On a very large set of data (17,408 input rows, producing 8,193 result rows) it takes CPU 574 and time 2645, while Simon Kingston's query takes CPU 63,820 and time 37,108.
It's possible that with indexes the other queries on the page could perform many times better, but it is interesting to me to achieve 111x CPU improvement and 14x speed improvement just by rewriting the query.
(Please note: I mean no disrespect at all to Simon Kingston or anyone else; I am simply excited about my idea for this query panning out so well. His query is better than mine as its performance is plenty and it actually is understandable and maintainable, unlike mine.)
Here is the impossible query. It is hard to understand. It was hard to write. But it is awesome. :)
WITH Ranks AS (
SELECT
T = Dense_Rank() OVER (ORDER BY Time, Num),
N = Dense_Rank() OVER (PARTITION BY Name ORDER BY Time, Num),
*
FROM
#Data D
CROSS JOIN (
VALUES (1), (2)
) X (Num)
), Items AS (
SELECT
FromTime = Min(Time),
ToTime = Max(Time),
Name = IsNull(Min(CASE WHEN Num = 2 THEN Name END), Min(Name)),
I = IsNull(Min(CASE WHEN Num = 2 THEN T - N END), Min(T - N)),
MinNum = Min(Num)
FROM
Ranks
GROUP BY
T / 2
)
SELECT
FromTime = Min(FromTime),
ToTime = CASE WHEN MinNum = 2 THEN NULL ELSE Max(ToTime) END,
Name
FROM Items
GROUP BY
I, Name, MinNum
ORDER BY
FromTime
Note: This requires SQL 2008 or up. To make it work in SQL 2005, change the VALUES clause to SELECT 1 UNION ALL SELECT 2.
Updated Query
After thinking about this a bit, I realized that I was accomplishing two separate logical tasks at the same time, and this made the query unnecessarily complicated: 1) prune out intermediate rows that have no bearing on the final solution (rows that do not begin a new task) and 2) pull the "ToTime" value from the next row. By performing #1 before #2, the query is simpler and performs with approximately half the CPU!

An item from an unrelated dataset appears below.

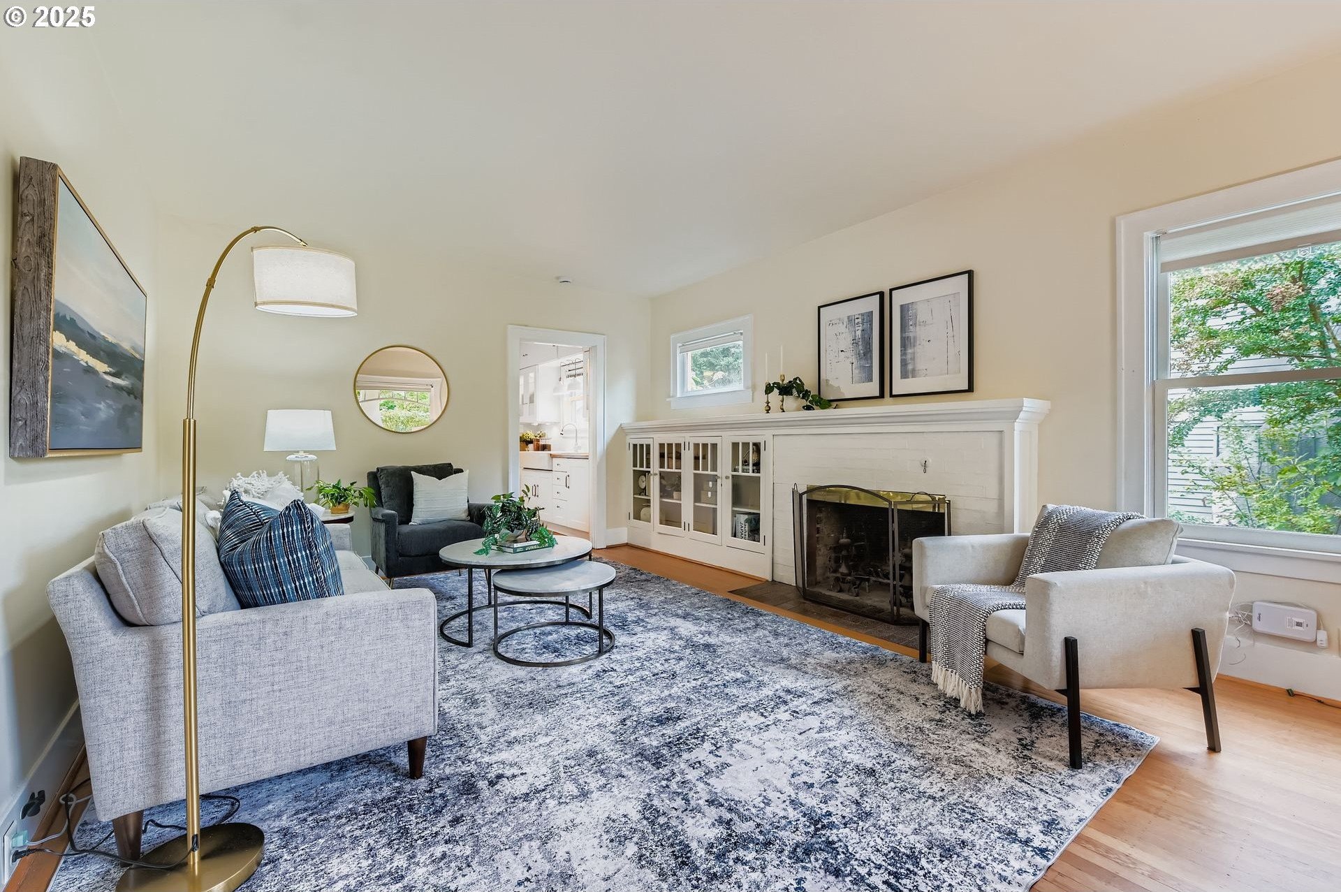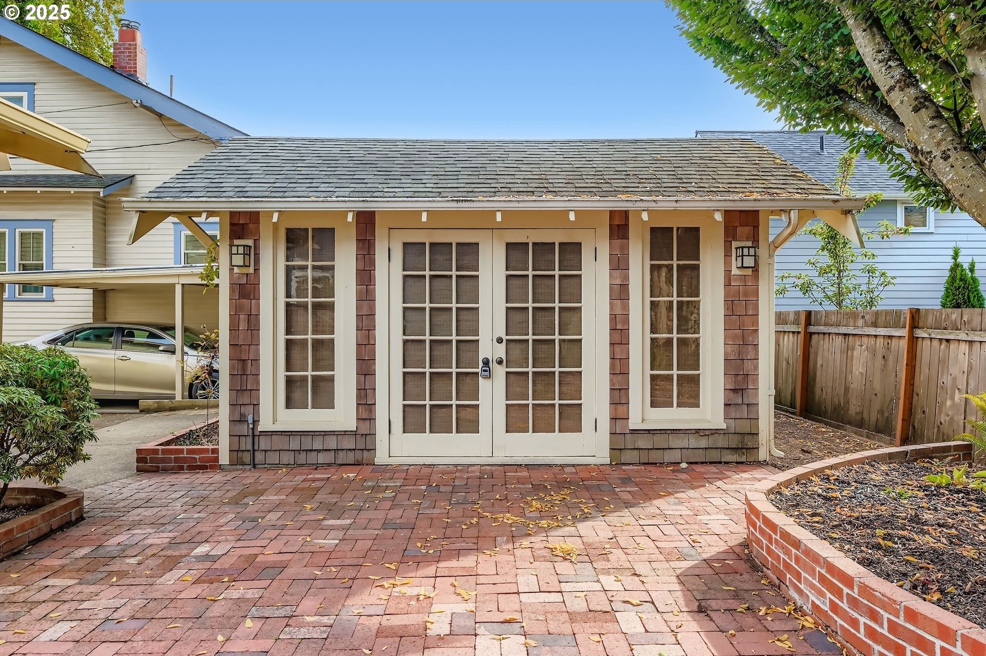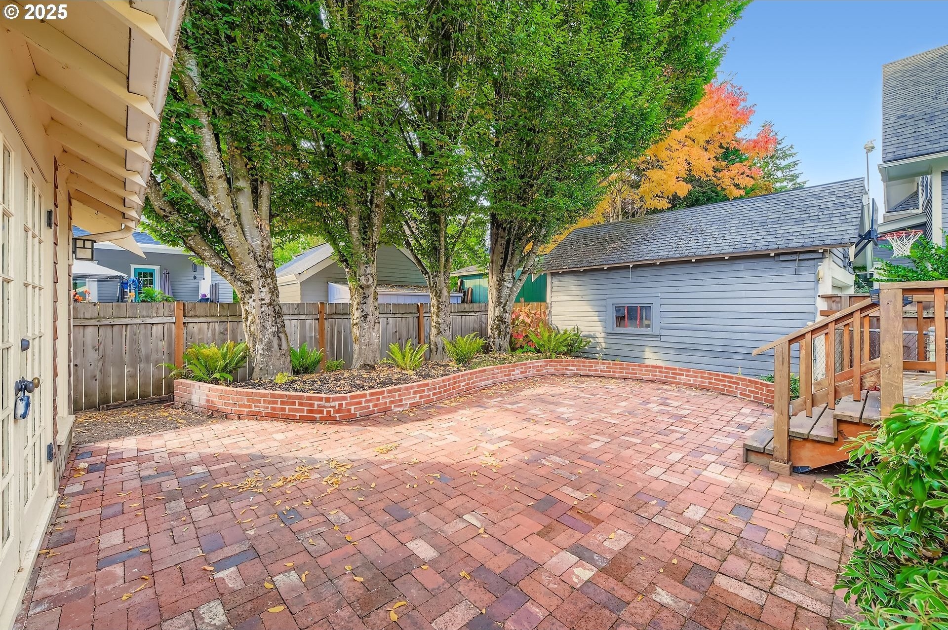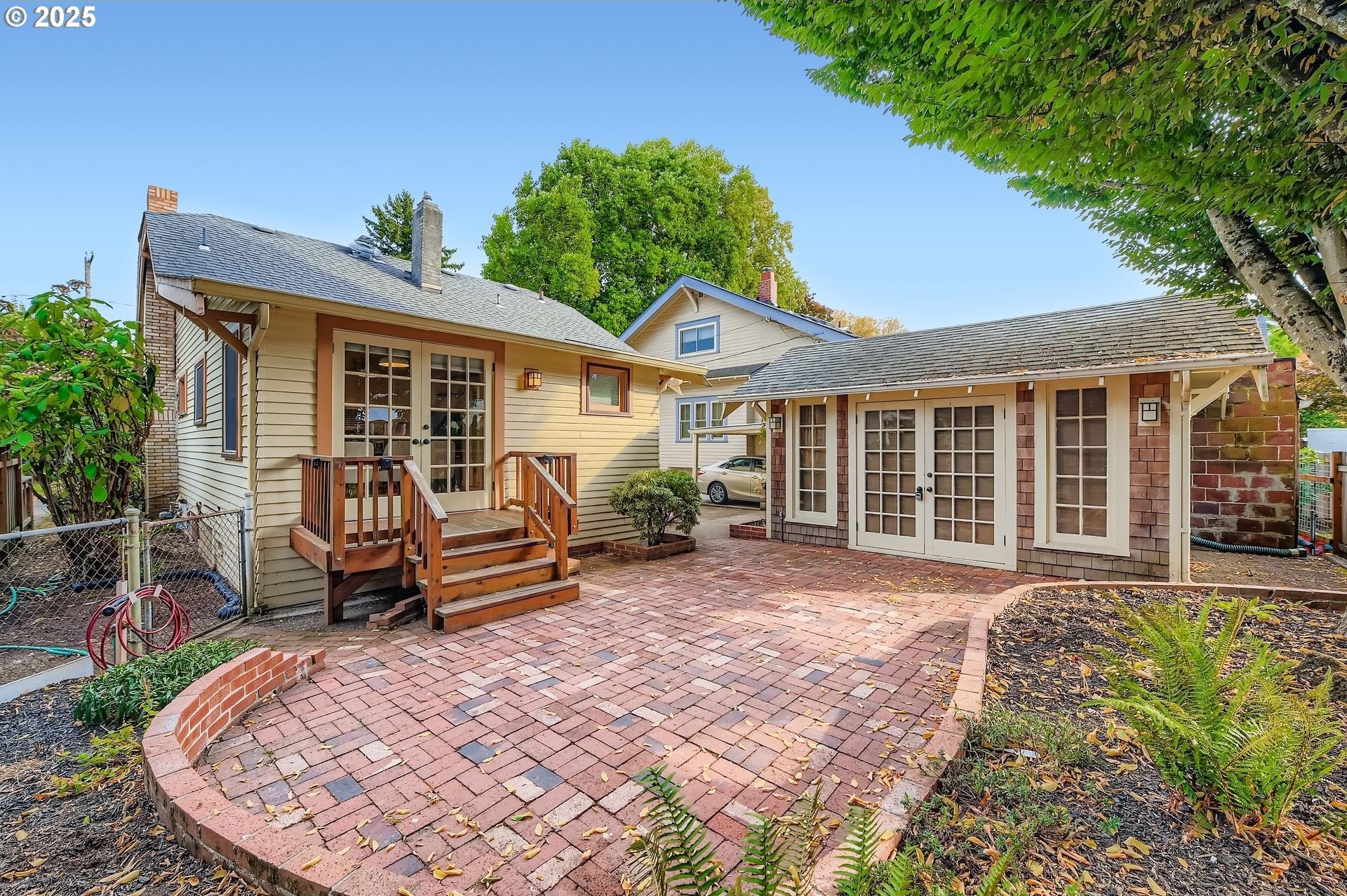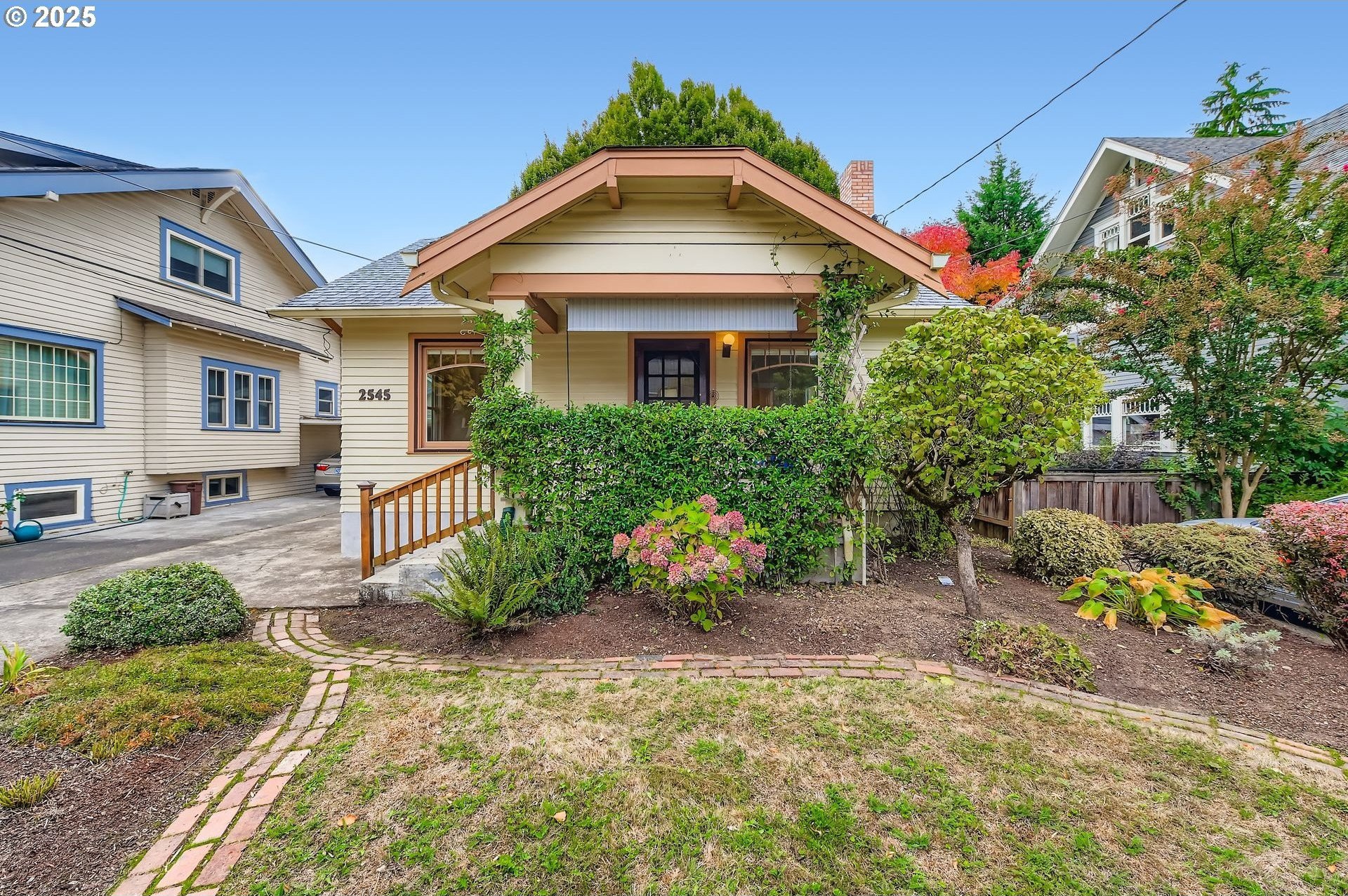 Tucked into one of Northeast Portland’s most picturesque neighborhoods, this 1925 Bungalow captures the best of Portland charm and community. The tree-lined streets, top-rated schools, and proximity to local favorite hotspots make everyday living feel effortlessly connected.Inside, the home is warm and inviting, with sun-filled rooms, original hardwood floors, and a classic brick fireplace surrounded by built-ins. The kitchen blends modern functionality with vintage character, featuring butcher-block counters, open shelving, and a farmhouse sink that anchors the space. A cheerful dining nook opens through French doors to a private courtyard—perfect for morning coffee or intimate outdoor dinners.Each of the three bedrooms is thoughtfully placed on its own level, offering comfort and separation of space. The upper floor provides a cozy hideaway under vaulted ceilings, while the main level bedroom sits adjacent to a tastefully remodeled bath with designer tile and black-framed shower glass. The finished lower level includes a spacious bedroom, sitting area, kitchenette, and full bath—ideal for guests, multi-generational living, or creative use.A detached studio with vaulted ceilings and skylights completes the picture, offering endless flexibility for a home office, art space, or gym. Just minutes to Beaumont Village, Grant Park, and local schools, this home combines timeless design with the heart of Portland’s beloved eastside lifestyle.
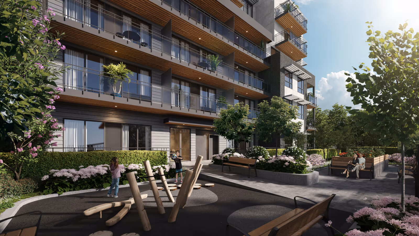 Responding to neighbourhood design guidelines, the building incorporates a stepped‑back north façade along East Broadway to enhance daylight access and support a comfortable, pedestrian‑friendly public realm. The lower storeys feature a dark charcoal brick inspired by classic brownstone townhomes, establishing a strong street presence and human‑scaled rhythm. Above, the upper levels transition to a light, panelized cladding that softens the massing and creates a subtle, sky‑facing profile.

So here is the simplified query that first, trims out the rows we don't care about, then gets the ToTime value using aggregates rather than a JOIN. Yes, it does have 3 windowing functions instead of 2, but ultimately because of the fewer rows (after pruning those we don't care about) it has less work to do:
WITH Ranks AS (
SELECT
Grp =
Row_Number() OVER (ORDER BY Time)
- Row_Number() OVER (PARTITION BY Name ORDER BY Time),
[Time], Name
FROM #Data D
), Ranges AS (
SELECT
Result = Row_Number() OVER (ORDER BY Min(R.[Time]), X.Num) / 2,
[Time] = Min(R.[Time]),
R.Name, X.Num
FROM
Ranks R
CROSS JOIN (VALUES (1), (2)) X (Num)
GROUP BY
R.Name, R.Grp, X.Num
)
SELECT
FromTime = Min([Time]),
ToTime = CASE WHEN Count(*) = 1 THEN NULL ELSE Max([Time]) END,
Name = IsNull(Min(CASE WHEN Num = 2 THEN Name ELSE NULL END), Min(Name))
FROM Ranges R
WHERE Result > 0
GROUP BY Result
ORDER BY FromTime;
This updated query has all the same issues as I presented in my explanation, however, they are easier to solve because I am not dealing with the extra unneeded rows. I also see that the Row_Number() / 2 value of 0 I had to exclude, and I am not sure why I didn't exclude it from the prior query, but in any case this works perfectly and is amazingly fast!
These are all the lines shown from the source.